The Hoosier tenderloin is the breaded pork tenderloin wearing Indiana's own name for itself, and the name is the point of this entry rather than the engineering. "Hoosier" is what Indianans call themselves, and attaching it to the tenderloin marks the sandwich as a state possession the way "po' boy" belongs to New Orleans or "beef on weck" to Buffalo. The pounded, breaded, fried pork cutlet that overhangs its bun by inches is the same object under either label. What the Hoosier name carries is ownership: this is the sandwich Indiana points to, served at supper clubs, county fairs, drive-ins, and small-town diners across the state as a default lunch rather than a novelty, and the local term signals that belonging more than it describes a different build.

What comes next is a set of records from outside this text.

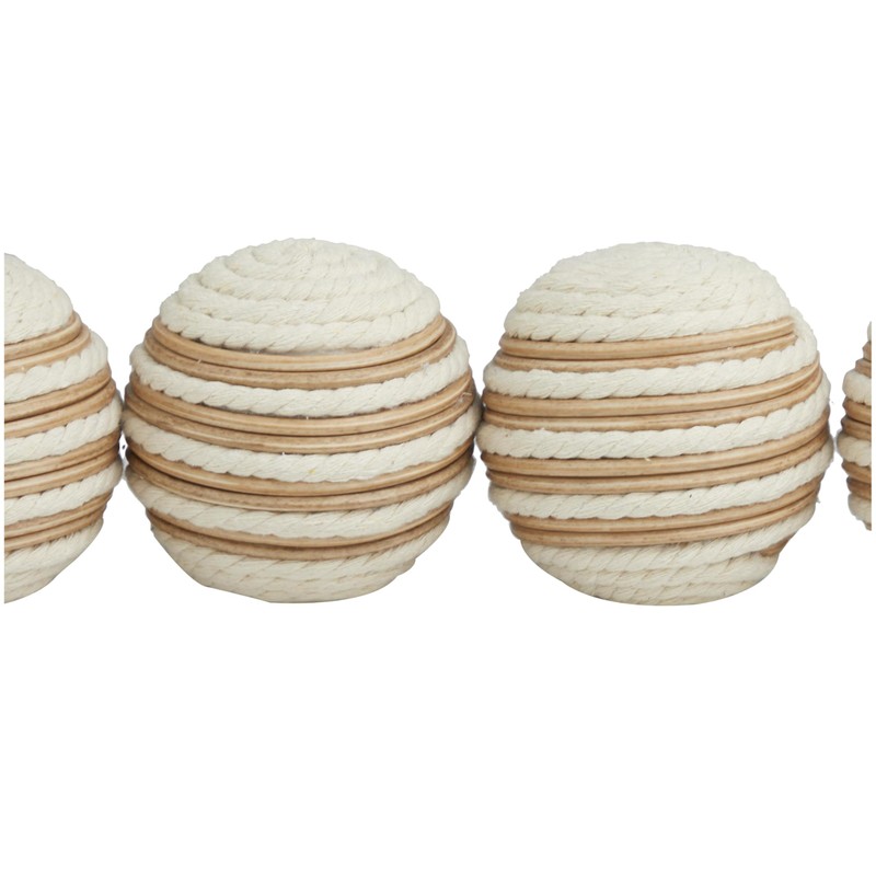 • WHITE AND LIGHT BROWN ORBS FOR DECORATION: Small orbs feature textured white ropes and brown rattan for a neutral design
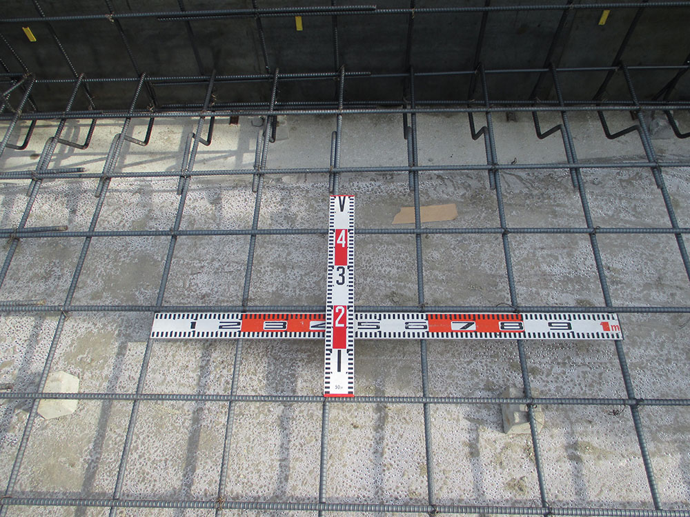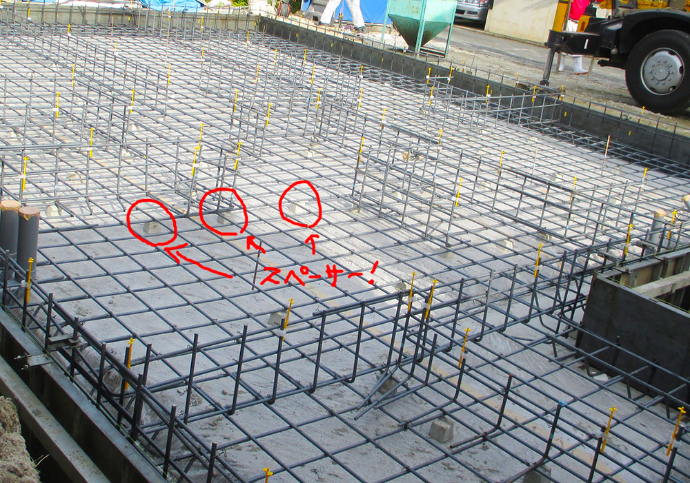 鉄筋の下にスペーサーブロックを敷いて鉄筋の下側の厚みを確保しました!
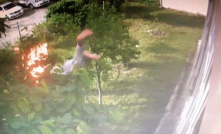 Büyükçekmece Mimaroba Mahallesi’nde bulunan bir sitede sabah saatlerinde 2 çocuk annesi bir kadın, oturduğu evin 6’ncı katından düşerek hayatını kaybetti. Polis ekipleri olayla ilgili inceleme başlatırken, kadının düşme anına ait görüntüler ortaya çıktı. Güvenlik kameralarına yansıyan görüntülerde kadının adete alev topu gibi yere düştüğü ve yere düştükten sonra da yanmaya devam ettiği görülüyor.
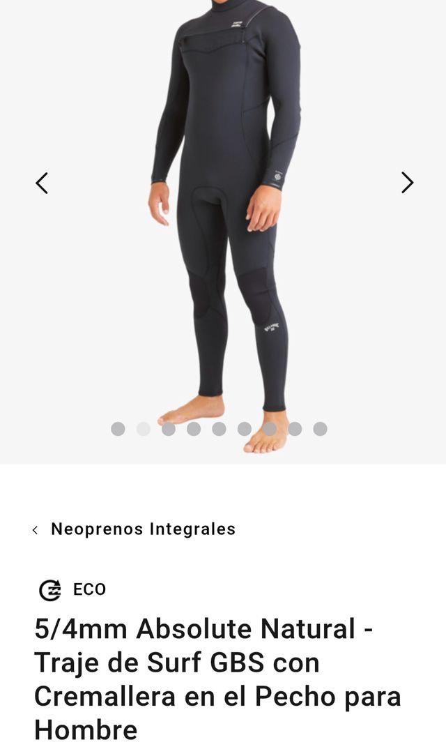Detalles del productoTraje de surf integral Billabong Absolute Natural de 5/4mm. Cremallera en pecho. Material Eco.
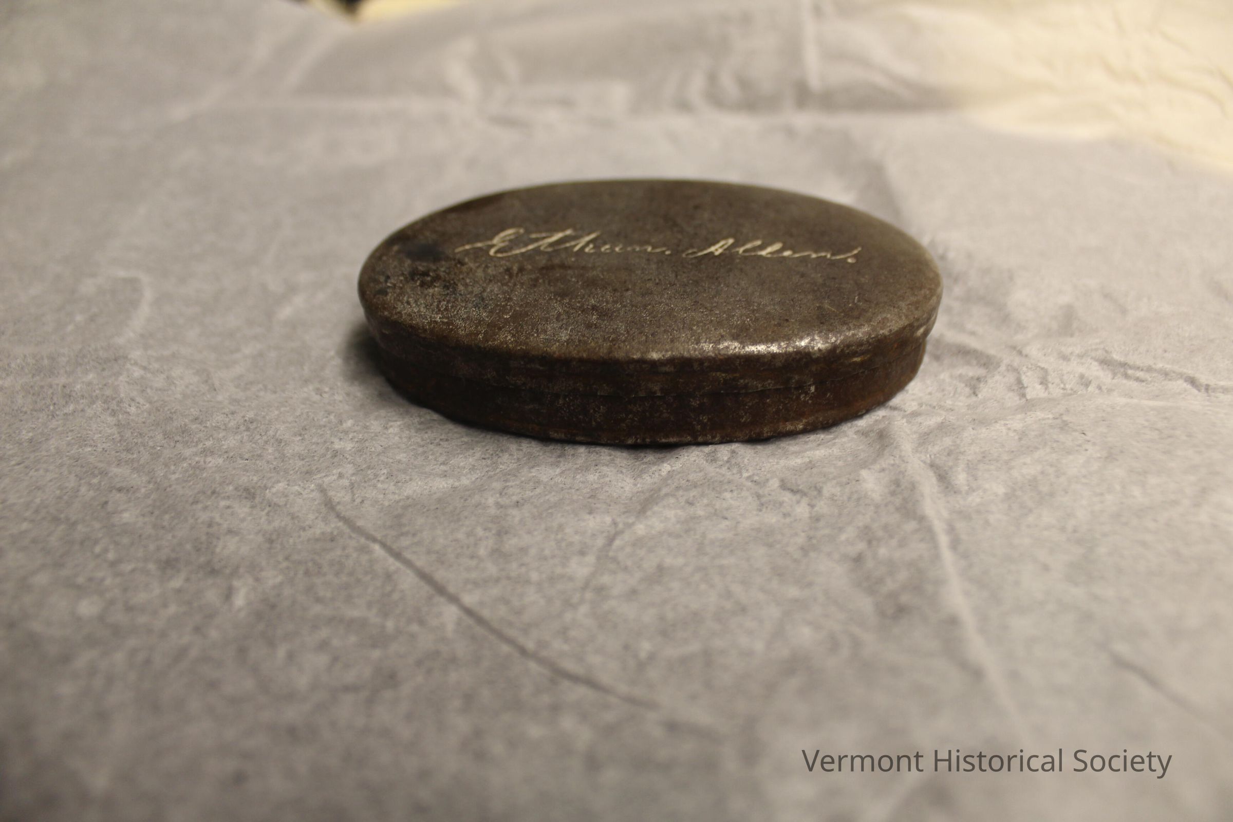 Small oval snuff box engraved with the inscription, "Ethan Allen", in script. The box is made tin is greyed with age. The lid fits over the base and completely removes when opened.

The craft worth noting here is where the sandwich actually lives, because that is what the regional name encodes. This is a tavern and diner sandwich first, made to a familiar template by cooks who do not need a recipe: a pork loin cutlet beaten thin and wide, breaded into a craggy shell, fried hard, and dropped onto a small soft bun it dwarfs on every side. The bun is a handle and a center bite, not a structural partner, and the build openly concedes the bread is outmatched. Dressed with the cold sharp basics, pickle, mustard, raw onion, lettuce, it is eaten by working in from the overhang toward the part that is technically a sandwich. In Indiana this is unremarkable, which is exactly the condition a true regional specialty depends on: it is interesting elsewhere precisely because at home it is ordinary.
The variations are codified around the cut and the cook, not the name. The grilled version drops the breading for a leaner charred sandwich that eats completely differently; the cracker-crumb coating runs against the seasoned-flour coating as regional preference; the loaded build piles on cheese and the works while the oversized cutlet stays fixed. Those belong to the dense long tail of regional American specialties and each deserves its own article rather than being crowded in here.